Got to love the folks who simply can't understand separating engineering perspectives of a fuel and the government side of it. I just wanted to know why the hate of ethanol from AN ENGINEERING PERSPECTIVE.
From an engineering perspective only:
a) corrosion- ethanol itself has significant corrosion issues in pure state to most metals and swells many rubber like gasket materials. Add ethanol to fuels and some of these corrosion issues remain. The rate of corrosion is slowed but over time, well it only takes one weak point in the fuel system and there can be troubles.
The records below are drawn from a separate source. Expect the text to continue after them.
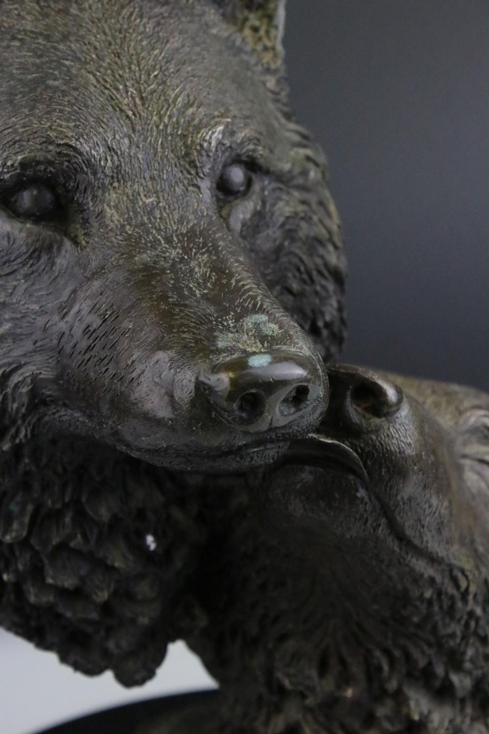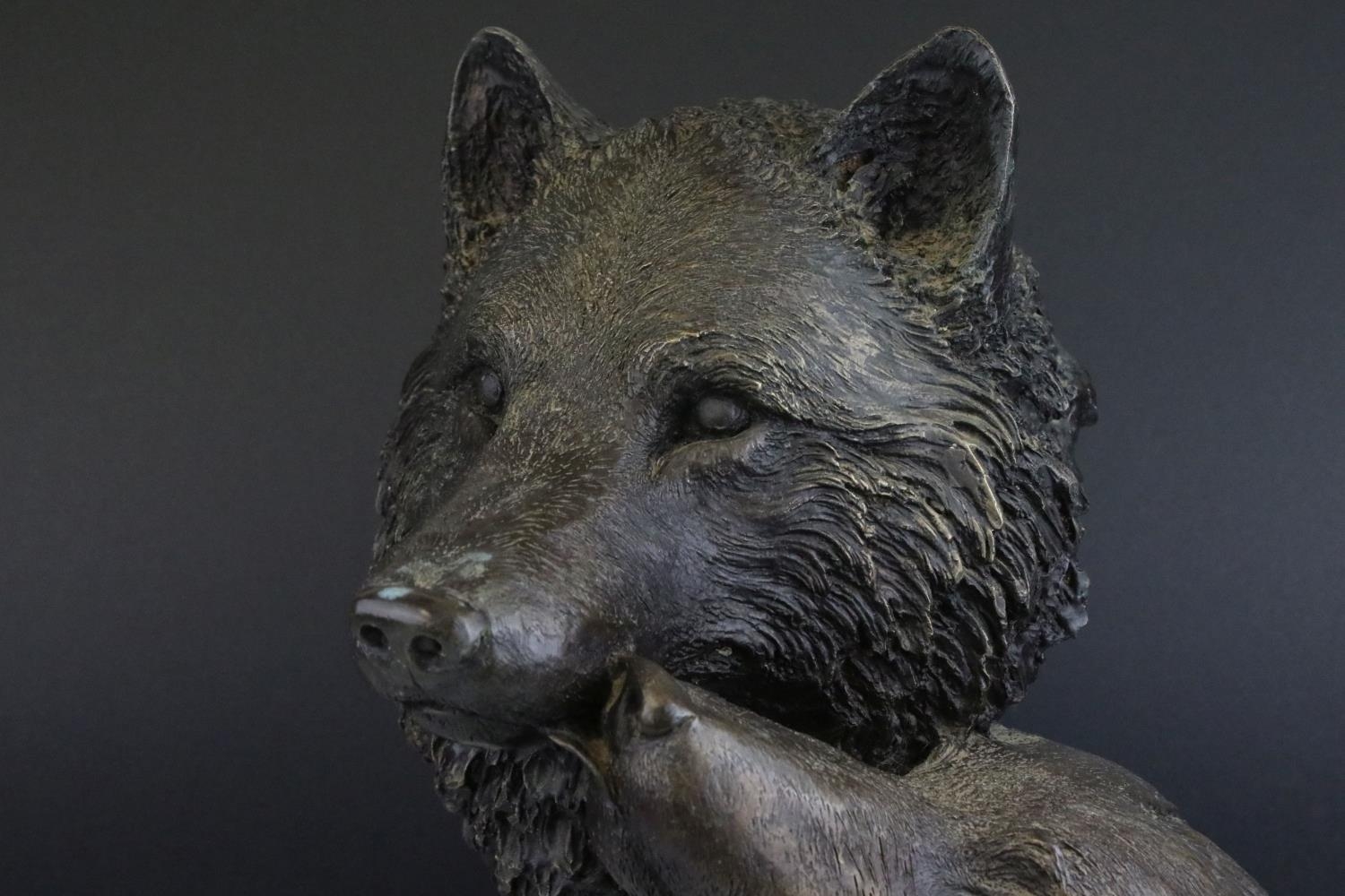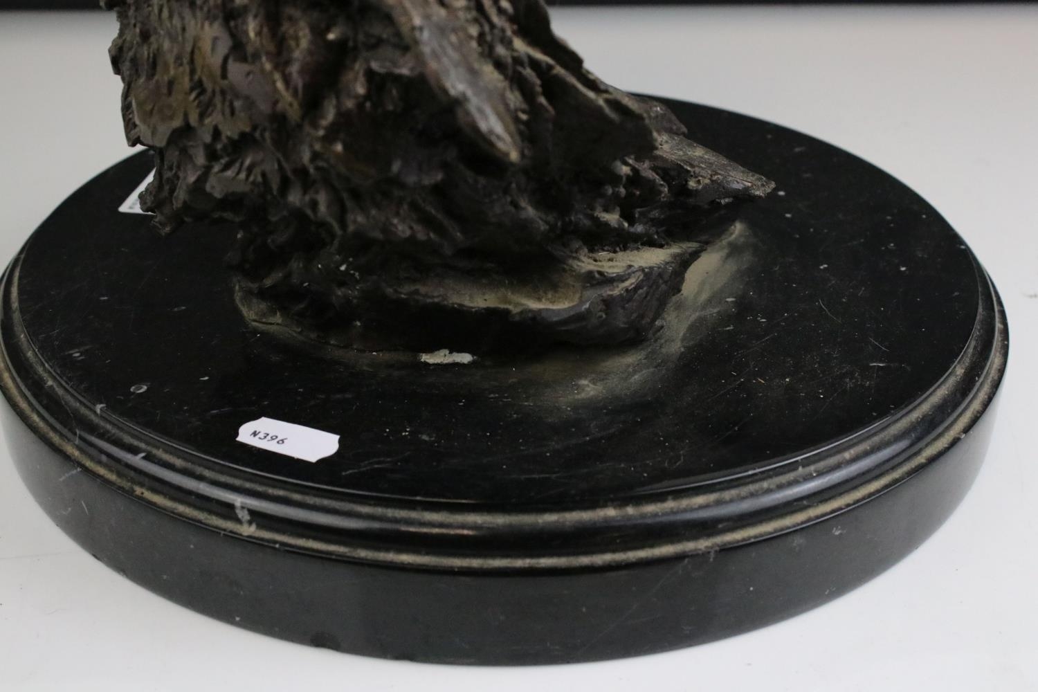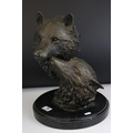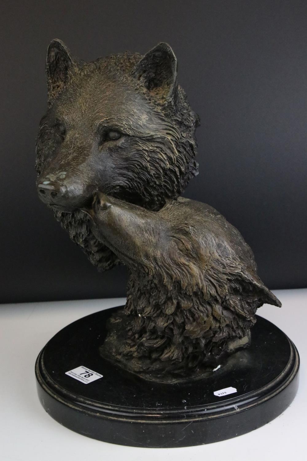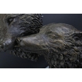 Contemporary Bronze Sculpture of Two Wolves Heads raised on a circular marble plinth, signed Bower ?, 41cms high
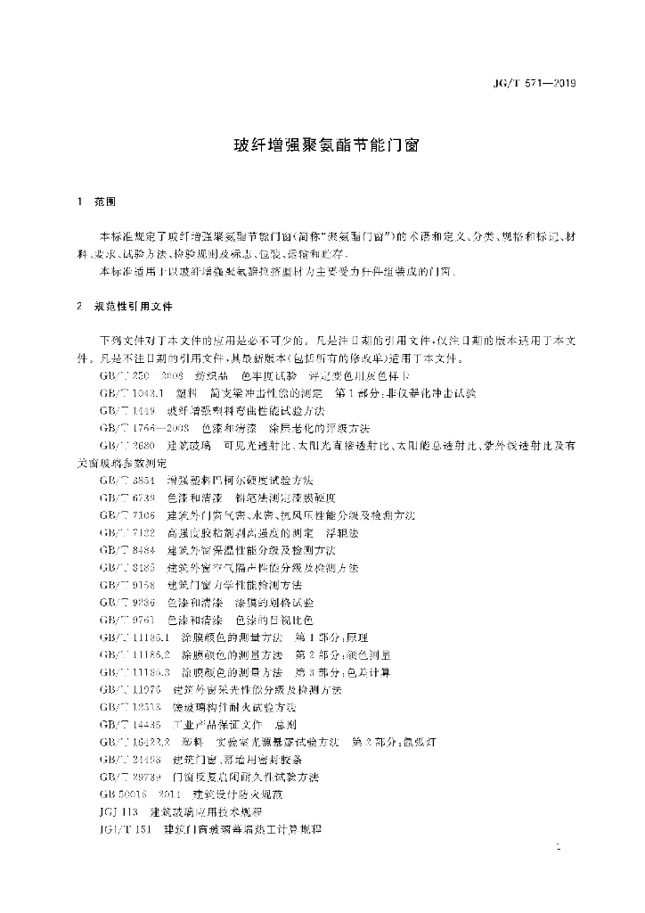 JG/T 571-2019 玻纤增强聚氨酯节能门窗
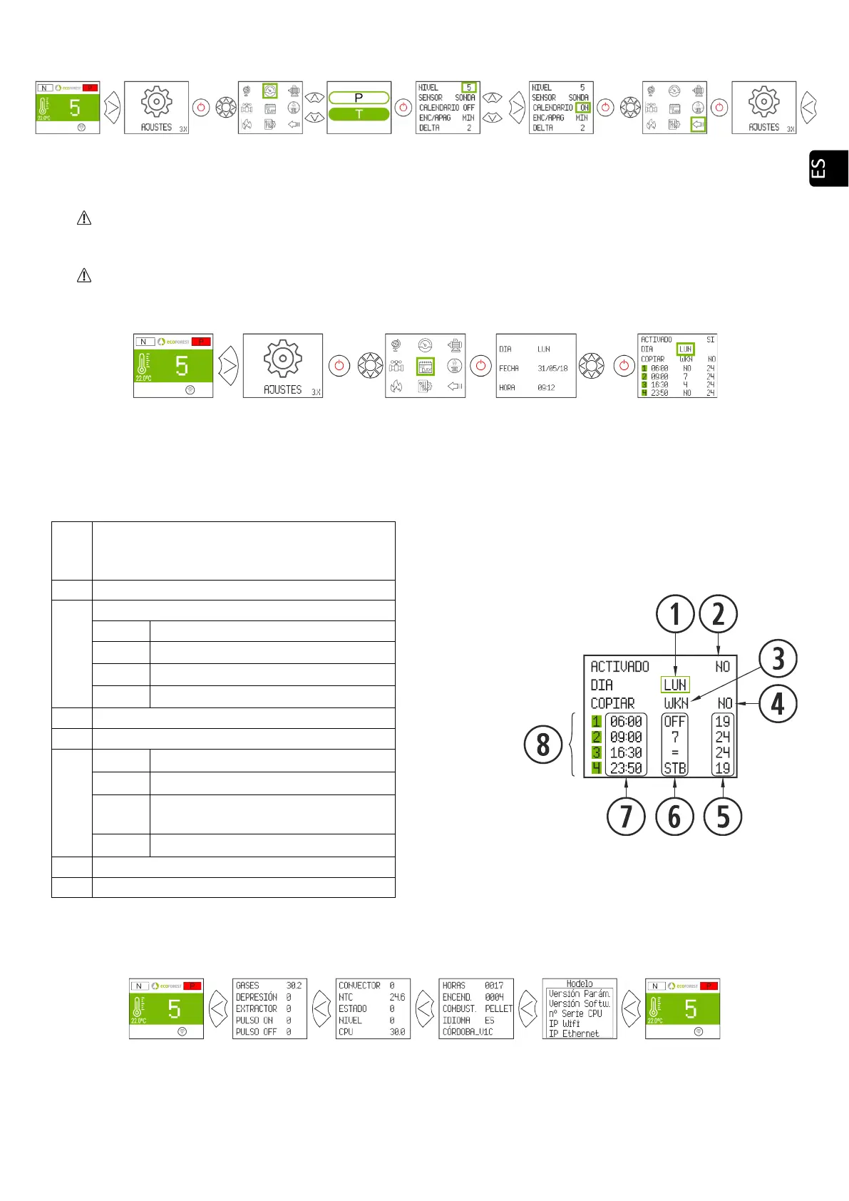 actual. El teclado permite ajustar desde el menú el día de la semana, la fecha (DD/MM/AA) y la hora (HH:MM
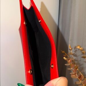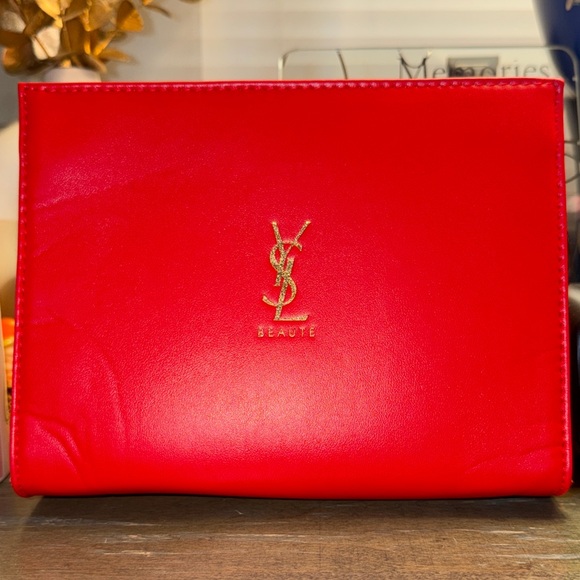 Elegant red Yves Saint Laurent Makeup Pouch YSL Beaute Shiny RED Clutch Cosmetic NEW
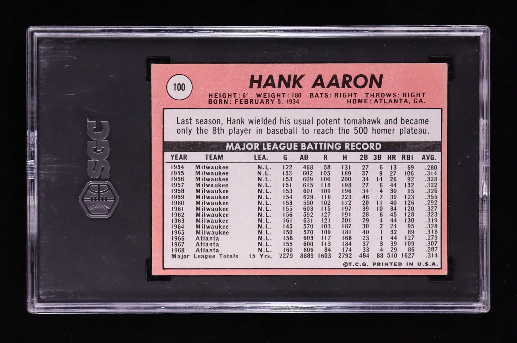 Hank Aaron 1969 Topps #100 (SGC 4.5)
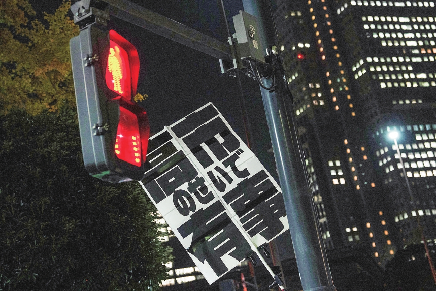 2025年11月21日,在日本东京的首相官邸外,民众举起标语参加抗议活动。新华社记者贾浩成摄

b) affinity towards water. Pure ethanol won’t be pure ethanol for long if kept in an open or even a vented container - it will absorb water from the relative humidity in air. Add ethanol to fuel and you are likely adding water to the fuel too. Fortunately (?) the ethanol keeps the water in the gas solution and it usually doesn’t fall out as free water. But solubility of water in gas is a function of temperature so if the E85 gets colder then some limit you might have water falling out of solution. That water can freeze and then POW! a chunk of ice plugs up the fuel injection nozzle and well you know where that gets you.
c) sustainability and environmental considerations - Yes, the carbon from burning ethanol is does not increase the carbon in the atmosphere since the carbon came from photosynthesis using the CO2 naturally in air. However, the energy used to manufacture the farm fertilizers, run the farm equipment, process corn it in the production plant and transport the ethanol to blending sites etc. comes from fossil fuels. Ethanol is sold to the public as some kind of savior since it (pure corn derived ethanol) is carbon cycle neutral. That is a deception the Ethanol proponents are aware of but go out of the way to not correct.
The problem is that the government chose to ignore these engineering issues and sell the sizzle and ignore the smoke.